In [3]:
import numpy as np
import pandas as pd
from pandas import Series,DataFrame
import numpy

### 读取商品评论  df_comments为最初DataFrame

In [4]:
# 读取包含好评、差评的Excel文件
df_comments = pd.read_excel('path')

In [5]:
df_test = DataFrame(df_comments,columns=['评价星级','评价内容'])
df_test_new = df_test.drop_duplicates() # 去掉重复的数据,5-18更新:通过Excel已经去重


# 取出好评、差评
active_com = df_test_new[df_test_new['评价星级']=='star5']
negative_com = df_test_new[df_test_new['评价星级']=='star1'] 

### 将Series转为Str (用于后面的分词以及TF-IDF)

In [6]:
df_comments_str_active = "".join(i for i in active_com['评价内容'][:])
df_comments_str_negative = "".join(i for i in negative_com['评价内容'][:])

### 利用jieba分词 && 去除停用词 

In [7]:
import jieba

# 加载停用词
stopwords=pd.read_csv('stopwords.txt',index_col=False,sep="\t",quoting=3,names=['stopword'], encoding='utf-8')
stopwords2=pd.read_csv('stopwords2.txt',index_col=False,sep="\t",quoting=3,names=['stopword'], encoding='utf-8')

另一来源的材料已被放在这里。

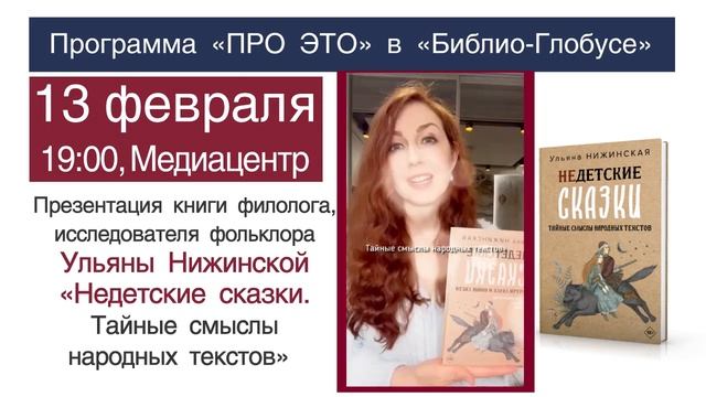 Презентация книги Ульяны Нижинской «Недетские сказки. Тайные смыслы народных текстов» (18+) пройдет 13 февраля в 19.00. Регистрация на мероприятие по ссылке: https://www.biblio-globus.ru/mediacenter/event/546 --- «Библио-Глобус» – старейший книжный магазин в самом центре Москвы и один из крупнейших в Европе. У нас вы можете найти книгу на любой вкус из 200 тысяч наименований. Мы предлагаем широкий выбор изданий на более чем тридцати иностранных языках. Ежедневно мы проводим встречи с известными авторами, актерами и спортсменами, организуем музыкальные квартирники и детские мероприятия, предоставляем площадку для театральных постановок и много другого. Все права на настоящие аудио-, видеоматериалы защищены и охраняются законом. Использование материалов без согласия ООО Торговый Дом «БИБЛИО-ГЛОБУС» не допускается. Наш сайт: http://www.biblio-globus.ru/ Мы в социальных сетях: VK: https://vk.com/biblioglobus_msk Telegram: https://t.me/biblioglobus_1 С любовью, Ваш "Библио-Глобус"

def drop_stopwords(contents,stopwords):
    contents_clean = []
    for line in contents:
        line_clean = []
        if line in stopwords:
                continue
        line_clean.append(line)
        contents_clean.append(line_clean)
    return contents_clean

        
# 更改分词器,采用自己的自定义词典,并通过notepad++改变txt文件编码
jieba.load_userdict("userdict.txt")
active_cut_contents = jieba.lcut(df_comments_str_active) #利用jieba分词  https://github.com/fxsjy/jieba
negative_cut_contents = jieba.lcut(df_comments_str_negative)
# contents = df_comments['评价内容'][:20].values.tolist() #评论转为list

stopwords = stopwords.stopword.values.tolist()
stopwords2 = stopwords2.stopword.values.tolist()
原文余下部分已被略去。